Je compris vite qui il était.
— Alors, est-ce que cela décrit ton état d’esprit ?
— Oui, grand maître. Je ne sais pas pourquoi le premier chef de l’Alliance du Wulin éprouverait de l’empathie pour quelqu’un comme moi.
C’était Kim Young-hoon, que je n’avais pas vu depuis quinze ans.
Il retira son chapeau de bambou, esquissant un mince sourire.
Son visage paraissait un peu émacié.
— Ça fait longtemps, Eun-hyun.
— En effet.
Nous échangeâmes un petit rire et commandâmes à boire.
— Qu’as-tu fait toutes ces années ?
— Dans ce monde, il y a des êtres appelés “cultivateurs”, comme les monstres que nous avons vus voler dans le ciel lorsque nous sommes arrivés pour la première fois.
Il me raconta ses expériences de combat contre les cultivateurs.
— Je pouvais gérer, avec mes arts, ceux du stade de l’Édification du Qi. Mais ceux de la Formation du Noyau étaient comparables à des catastrophes. J’ai à peine réussi à m’échapper d’un cultivateur de Formation du Noyau en lui tranchant la main.
— Hein ?
Je remarquai quelque chose de différent de mes vies passées.
‘Il s’est “échappé” d’un Formation du Noyau ?’
Dans mes vies passées, il perdait simplement contre eux.
Mais cette fois, l’issue différait.
Il avait réussi à s’échapper à un cultivateur de Formation du Noyau !
‘Grâce au Registre de la Contemplation et au Surpassement Martial, il a dépassé les limites de sa vie précédente !’
Et bien plus tôt, au moins vingt ans plus tôt !
Mon cœur s’emballa.
‘Peut-être…’
Peut-être que, dans cette vie, les artistes martiaux pourraient vraiment vaincre des cultivateurs !
Je l’encourageai, un léger émoi au cœur.
— Tu vaincras sûrement les cultivateurs de Formation du Noyau, grand maître !
— Haha, nous verrons bien.
Il paraissait un brin pessimiste, mais de mon point de vue, c’était tout à fait possible.
Après tout, son talent martial était réellement un don du ciel.
‘Différent de moi.’
Un talent donné par le ciel.
Un talent abandonné par le ciel.
Voilà la différence entre lui et moi.
Je n’atteindrai peut-être jamais le Royaume du Pinacle, mais lui découvrirait sûrement un royaume plus haut dans cette vie !

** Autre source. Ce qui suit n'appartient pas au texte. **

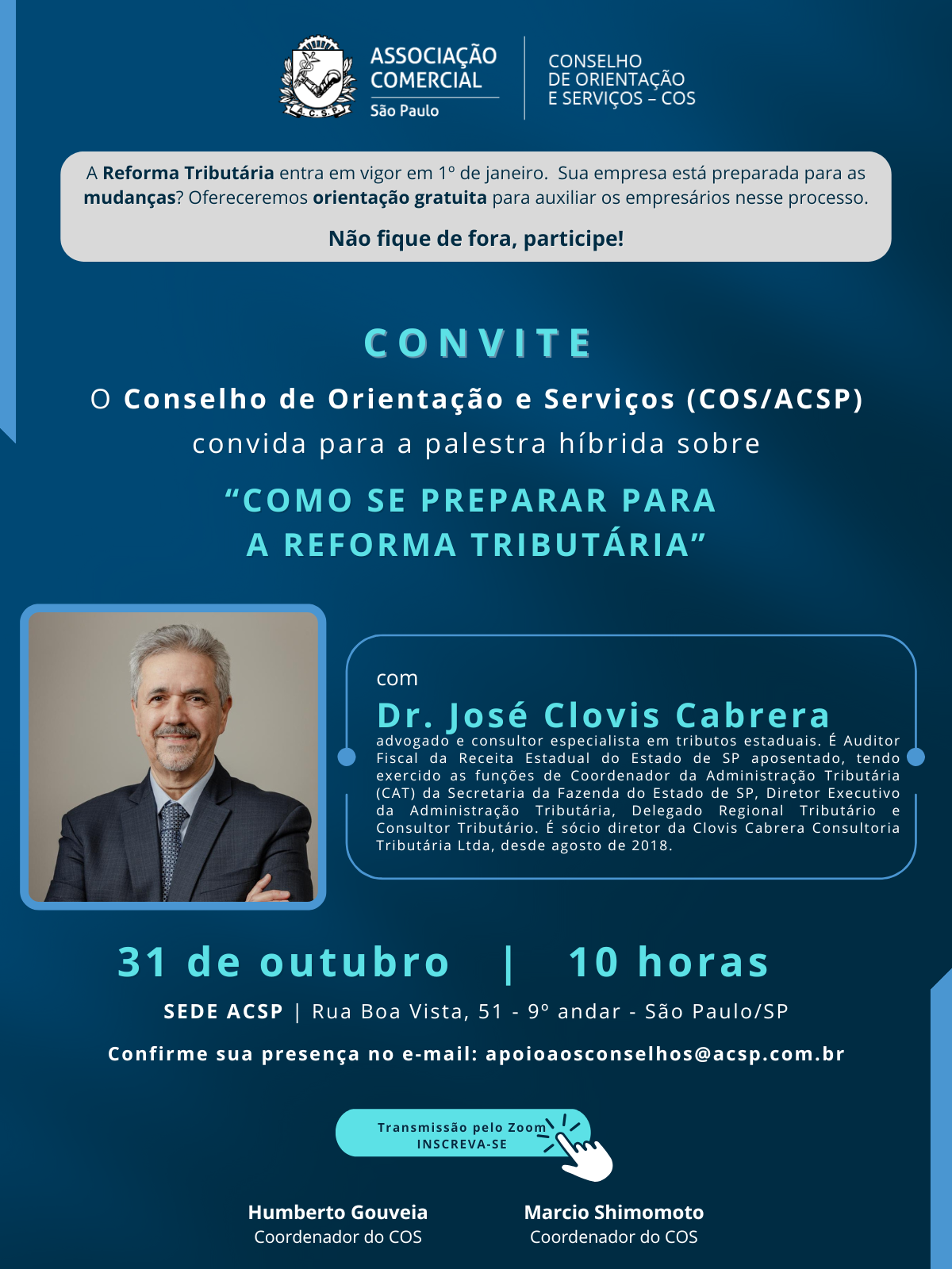 Participantes presenciais: Necessário a confirmação de presença no e-mail: [email protected].

— Tes paroles me plaquent de l’or sur le visage, Eun-hyun. Peut-être crois-tu cela parce que tu n’as pas vu la puissance d’un Formation du Noyau. Quoi qu’il en soit, ce n’est pas pour ça que je suis là aujourd’hui.
— Pourquoi es-tu venu ?
— Eh bien, pour te laisser un testament.
— ! Quoi ?
Son expression devint grave.
— À l’avenir, je chercherai les cultivateurs de Formation du Noyau pour les défier. À travers ces défis, je pousserai mes talents à l’extrême et trouverai une voie pour que les artistes martiaux puissent affronter ces cultivateurs. Je prouverai que les arts martiaux de notre monde peuvent encore s’élever.

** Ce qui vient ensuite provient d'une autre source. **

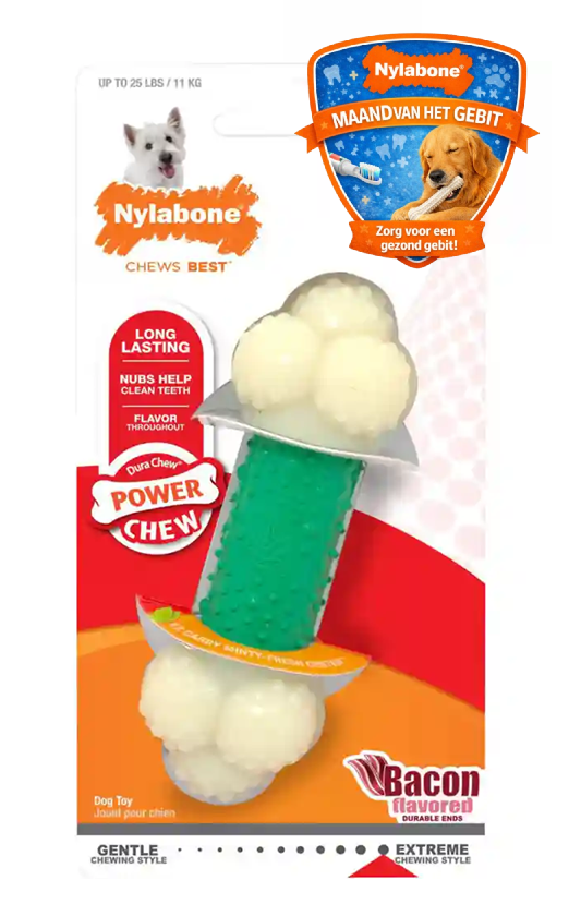 De harde nylon uiteinden zijn ontworpen om langdurig kauwplezier te bieden en helpen actief bij het verminderen van tandplak en tandsteen. De iets zachtere rubberen kern, verrijkt met bacon- en muntsmaak, zorgt voor extra aantrekkingskracht én draagt bij aan een frisse adem. Dankzij deze dubbele werking blijft jouw hond langer geïnteresseerd, terwijl zijn gebit optimaal wordt verzorgd.

Pour cela, ma vie sera incroyablement instable. Si je suis encore en vie, je viendrai te voir tous les cinq ans et te confierai les compréhensions que j’aurai gagnées à chaque fois que je survivrai à ces défis.
Thump !
Il me remit un livre sans titre.
— Voici les compréhensions que j’ai glanées en m’échappant d’un combat contre un Formation du Noyau. J’y ai ajouté des éléments au Registre de la Contemplation et au Surpassement Martial sur cette base. Garde ce livre précieusement et transmets-le aux générations futures.
— …
— Pour qu’un jour, nos descendants puissent tenir tête aux cultivateurs qui sillonnent le ciel dans des corps d’hommes. Prépare-leur la voie. Voilà le legs que je te confie.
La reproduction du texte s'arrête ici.